▶ EXERCISE PROMPT:
Starting at the line with "泰国亚洲理工学院校长翁以登表" and stopping at the final line, retype the data below exactly; do not carry over any pictures.

(Data entries)
[Start of Attachment]
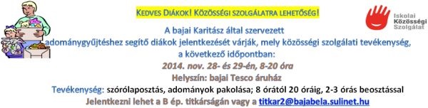 Aki december 13-án (szombaton) nem kér menzát, annak november 24-ig le kell mondania a Gondnoki irodában vagy a menza.bela@bajabela.sulinet.hu emailcímen.
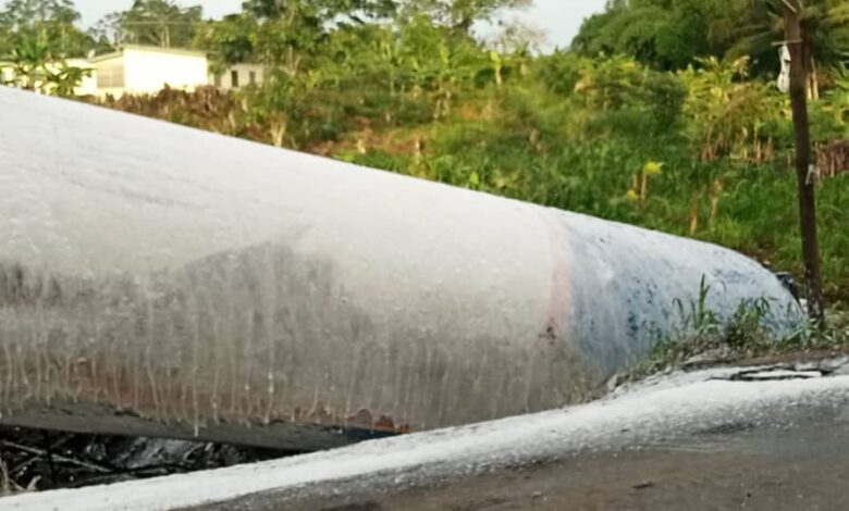 Some eyewitnesses said upon reaching Osamkrom Prison junction, the commercial vehicle fell into a ditch after the gas tanker landed on it.
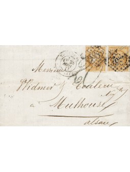 Emission de Bordeaux, 10 centimes bistre type A, deux unités dont (timbre de gauche marge courte à gauche)oblitérés par le losange gros chiffres 3982 sur lettre de Toulouse à destination de Mulhouse. La lettre a donc été taxée à 20 centimes pour la zone occupée. Très belle et très rare composition.
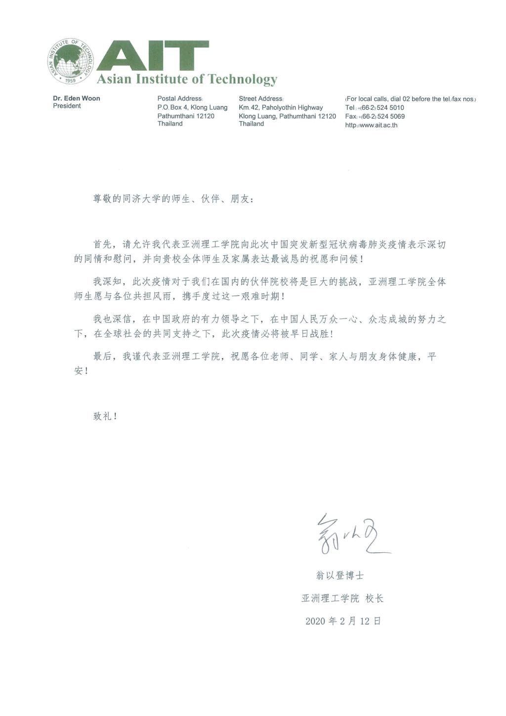 泰国亚洲理工学院校长翁以登表示,我深知此次疫情对于我们在国内的伙伴院校是巨大的挑战,亚洲理工学院全体师生愿与各位共担风雨,携手度过这一艰难时期。我也相信,在中国政府的有力领导之下,在中国人民万众一心、众志成城的努力之下,在全球社会的共同支持之下,此次疫情必将被早日战胜。
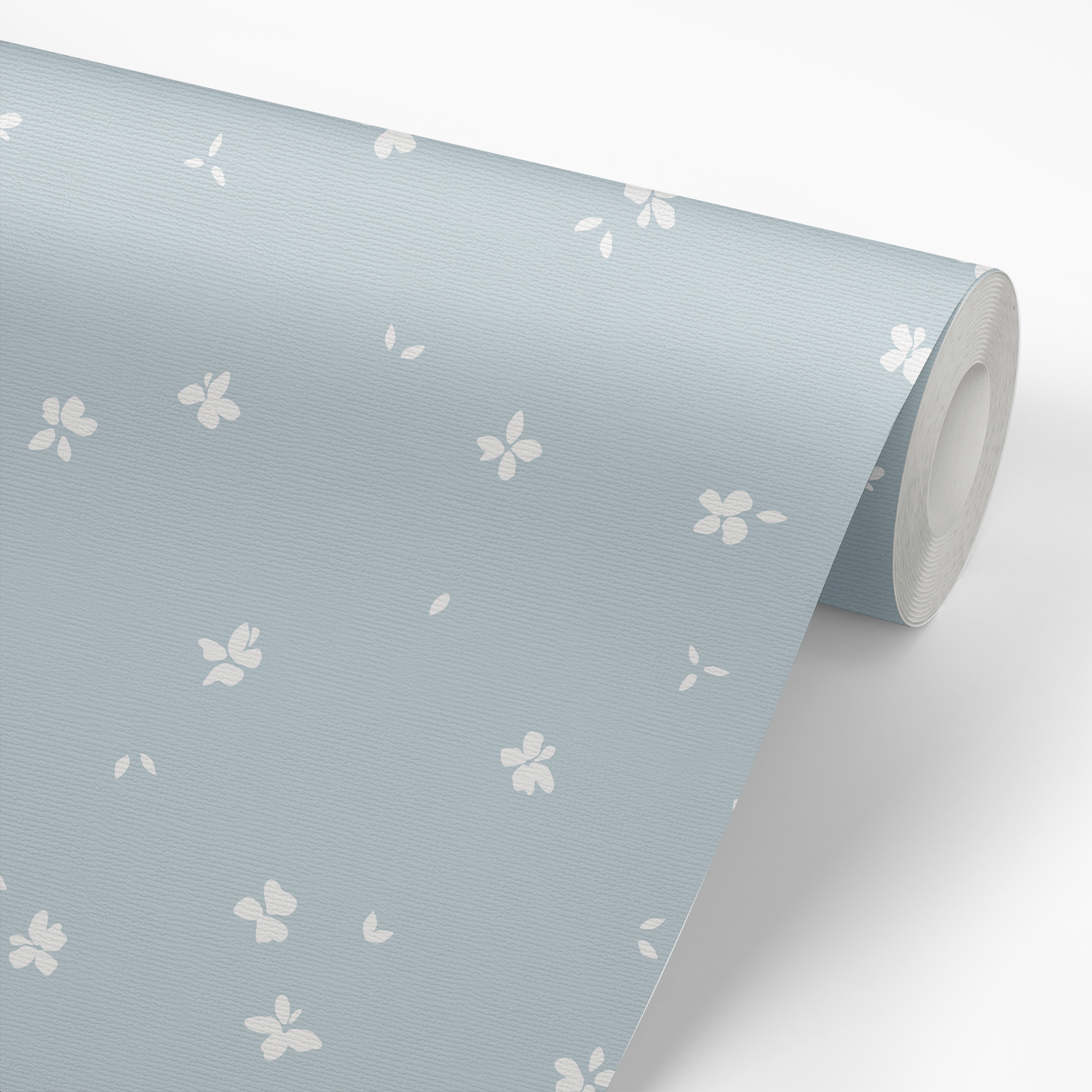 This Tiny Floral wallpaper is from our Artist Collection and was designed by McKenzie Nielson. Gorgeous floral pattern with a classic touch of elegance done in dusty blue.
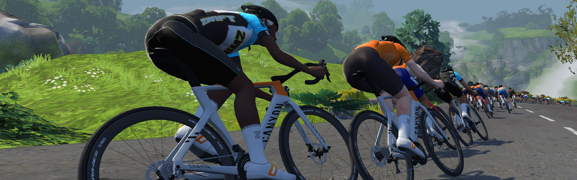 Zwift schedules three different flavors of ZRacing events in order to encourage “Fairer, more competitive racing for everyone.” They each use different racing score ranges for categorization and are titled Advanced, Range 1, and Range 2. Click banners below to see upcoming events for each:
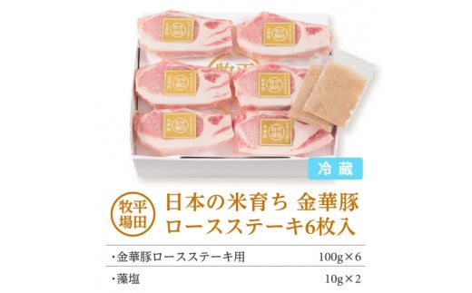 6. 豚肉 金華豚ロースステーキギフト 600g (100g 6枚) 豚 金華豚 ロース ステーキ ロースステーキ 厚切り カット 濃厚 柔らかい 世界三大ハム サシ 米 お米 国産米 冷蔵 藻塩 セット 贈り物 贈答 ギフト 平牧 平田牧場 山形 酒田 SC0515
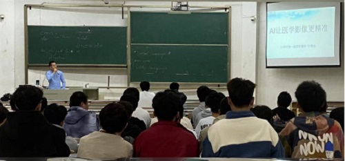 讲座中,宁医生从AI技术在医学方面的应用、医学影像AI技术流程和应用实例展开了阐述,强调了AI在医学设备、工业设备等各个领域的重要性,让学生们进一步体会到我们就是未来人工智能的创造者,引导学生们在实践中思考这些技术对人类生活、尤其是健康医疗带来的帮助及影响。
[End of Attachment]
▶ RESULT OF THIS TASK:
 泰国亚洲理工学院校长翁以登表示,我深知此次疫情对于我们在国内的伙伴院校是巨大的挑战,亚洲理工学院全体师生愿与各位共担风雨,携手度过这一艰难时期。我也相信,在中国政府的有力领导之下,在中国人民万众一心、众志成城的努力之下,在全球社会的共同支持之下,此次疫情必将被早日战胜。
 This Tiny Floral wallpaper is from our Artist Collection and was designed by McKenzie Nielson. Gorgeous floral pattern with a classic touch of elegance done in dusty blue.
 Zwift schedules three different flavors of ZRacing events in order to encourage “Fairer, more competitive racing for everyone.” They each use different racing score ranges for categorization and are titled Advanced, Range 1, and Range 2. Click banners below to see upcoming events for each:
 6. 豚肉 金華豚ロースステーキギフト 600g (100g 6枚) 豚 金華豚 ロース ステーキ ロースステーキ 厚切り カット 濃厚 柔らかい 世界三大ハム サシ 米 お米 国産米 冷蔵 藻塩 セット 贈り物 贈答 ギフト 平牧 平田牧場 山形 酒田 SC0515
 讲座中,宁医生从AI技术在医学方面的应用、医学影像AI技术流程和应用实例展开了阐述,强调了AI在医学设备、工业设备等各个领域的重要性,让学生们进一步体会到我们就是未来人工智能的创造者,引导学生们在实践中思考这些技术对人类生活、尤其是健康医疗带来的帮助及影响。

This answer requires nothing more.